By BRIAN McGILLIVARY email@example.com
Traverse City Record-Eagle
---- — TRAVERSE CITY — The state awarded a $21,125 grant to study the possible consolidation of Traverse City and Grand Traverse Metro fire departments.
The grant will cover up to 25 percent of the estimated $60,000 to $85,000 needed to study fire department consolidation, but the applicant, Metro Fire, wants to expand the study beyond Traverse City.
The three-township authority that oversees Metro wants the study to create a template for evaluating the possible addition of other fire departments.
"The big one right now is Traverse City; they are the ones who came to us and asked us for a proposal," Metro Fire Chief Pat Parker said. "We want it to be more regional in scope, to see if there are there other parties in the area we should be working with."
The city wants to explore dismantling its more expensive department model, one staffed with all full-time union firefighters who also are paramedics. Some city commissioners believe a partnership with Metro Fire will save money. Metro Fire covers Garfield, East Bay and Acme townships in Grand Traverse County.

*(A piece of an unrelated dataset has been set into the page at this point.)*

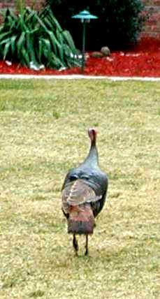 tall; more when it stretches it's neck, and it looks like a wild turkey, except
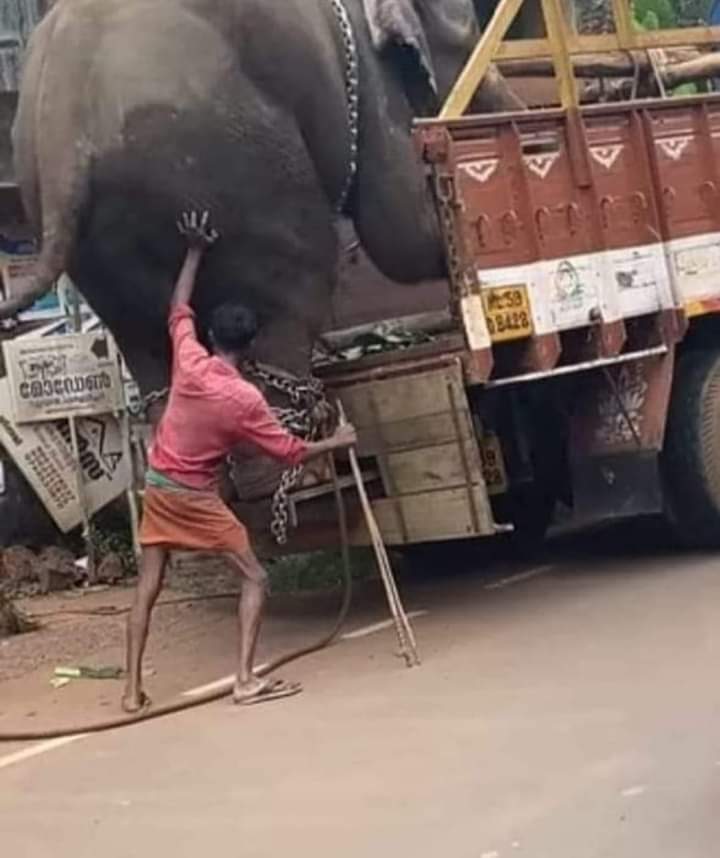 पण, पाठीमागून हात ठेवल्यामुळे, हत्तीला विश्वास वाटत होता की, आपला मालक आपल्याला मदत करत आहे म्हणून हत्ती स्वतःला सहजतेने ट्रकवर चढवून घेत होता.

Metro mainly is staffed by non-union, part-time firefighters who do not have full-time job benefits. Metro relies on Munson Healthcare's North Flight ambulance service to provide paramedics and advance life support.
At first the plan was for each interested group, including North Flight, to ante a portion of the study's cost. But now Metro Fire may fund the study itself.
"Right now we're not sure because our board wants to be in the driver's seat on it," Parker said.
Authority board chairman and Garfield Township Supervisor Chuck Korn said there's no question a Traverse City-Metro consolidation would better serve the area. The question, he said, is how to put together an agreement that would protect township residents from subsidizing the higher cost of fire protection in the older, more densely populated city.
Metro needs to know obstacles it would face if it adds one or more partners and Korn said it might be easier if Metro alone crafted the study.
"We are looking out for what's best for the community as a whole, and the city tends to get wrapped up in themselves," Korn said.
The city commission will consider a resolution at its meeting tonight to pledge its support and participation in the study. The resolution does not require the city to pay for the study.
City Commissioner Mike Gillman said he will support the resolution.
"We should do whatever is necessary to get the study underway because of the importance of this issue to the city and its finances," Gillman said.
City Commissioner Jody Bergman said she'll also support the study, but funding is a different question considering Metro's desire to own the study.
"I'm sure they'll ask us for money, I'm just not sure I'm ready to fund it," she said.
If the city approves the resolution, Parker said his goal is to have a consultant under contract by Sept. 1 with the study completed by year's end.